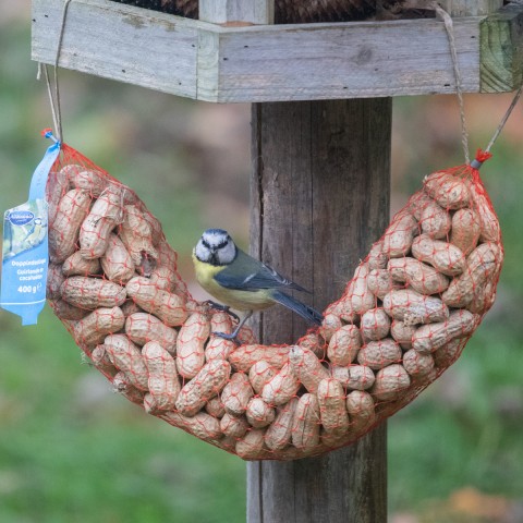 De pinda's zijn ongebrand en daarom erg gezond voor de buitenvogels.
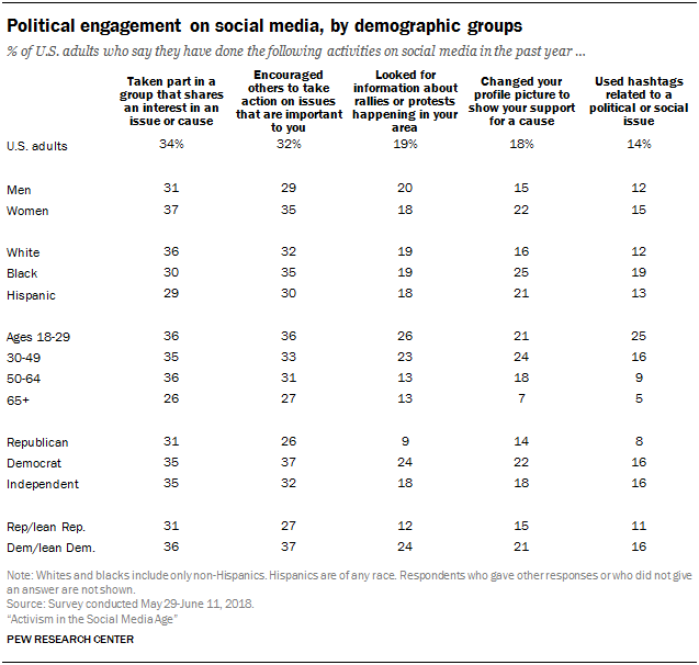 Report | July 11, 2018 Activism in the Social Media Age Appendix A: Detailed tables X Facebook Threads LinkedIn WhatsApp Mail Print Add Us On Google By Monica Anderson, Skye Toor, Kenneth Olmstead, Lee Rainie and Aaron Smith Table of Contents Activism in the Social Media Age 1. Public attitudes toward political engagement on social media 2. An analysis of #BlackLivesMatter and other Twitter hashtags related to political or social issues Acknowledgments Methodology Appendix A: Detailed tables ← Prev Page 1 2 3 4 5 6 Next Page → Report PDFToplineAmerican Trends Panel Wave 35
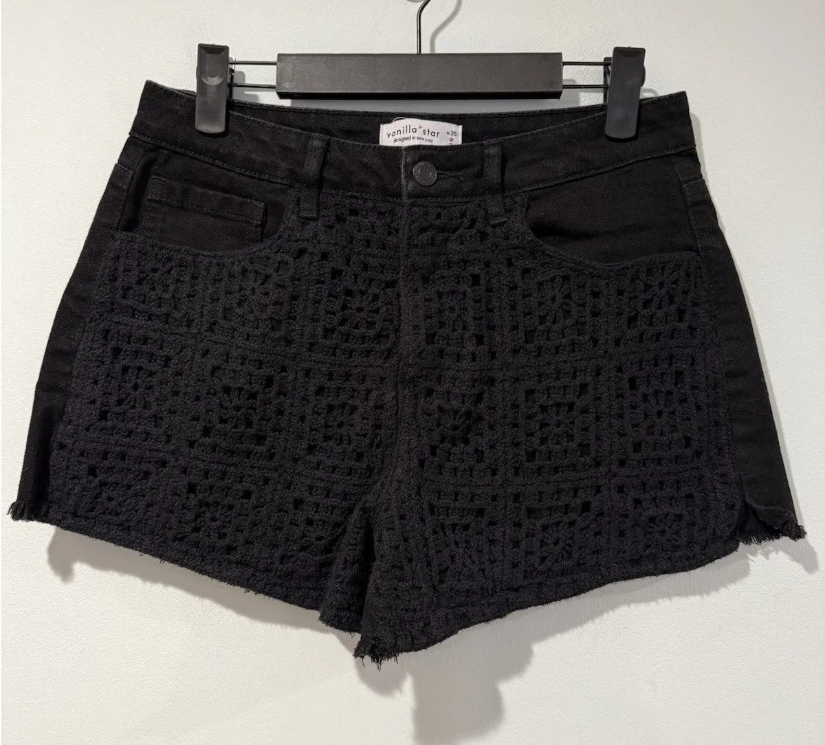 Vanilla Star Shorts Womens 28" Black Crochet Festival Boho Vacation Hippie Indie · Size Tag says 26... Show more
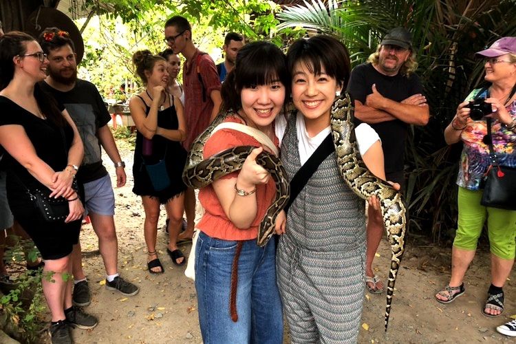 大蛇にも巻きつかれても笑顔を絶やさない真里花さん。「メコン川の支流をボートで下るツアーで、蛇を含めてトータルで6000円ぐらいでした。すごく楽しかったですね」

Exercise prompt –
The material above should be printed again exactly, with each picture left out.

Exercise result –
 De pinda's zijn ongebrand en daarom erg gezond voor de buitenvogels.
 Report | July 11, 2018 Activism in the Social Media Age Appendix A: Detailed tables X Facebook Threads LinkedIn WhatsApp Mail Print Add Us On Google By Monica Anderson, Skye Toor, Kenneth Olmstead, Lee Rainie and Aaron Smith Table of Contents Activism in the Social Media Age 1. Public attitudes toward political engagement on social media 2. An analysis of #BlackLivesMatter and other Twitter hashtags related to political or social issues Acknowledgments Methodology Appendix A: Detailed tables ← Prev Page 1 2 3 4 5 6 Next Page → Report PDFToplineAmerican Trends Panel Wave 35
 Vanilla Star Shorts Womens 28" Black Crochet Festival Boho Vacation Hippie Indie · Size Tag says 26... Show more
 大蛇にも巻きつかれても笑顔を絶やさない真里花さん。「メコン川の支流をボートで下るツアーで、蛇を含めてトータルで6000円ぐらいでした。すごく楽しかったですね」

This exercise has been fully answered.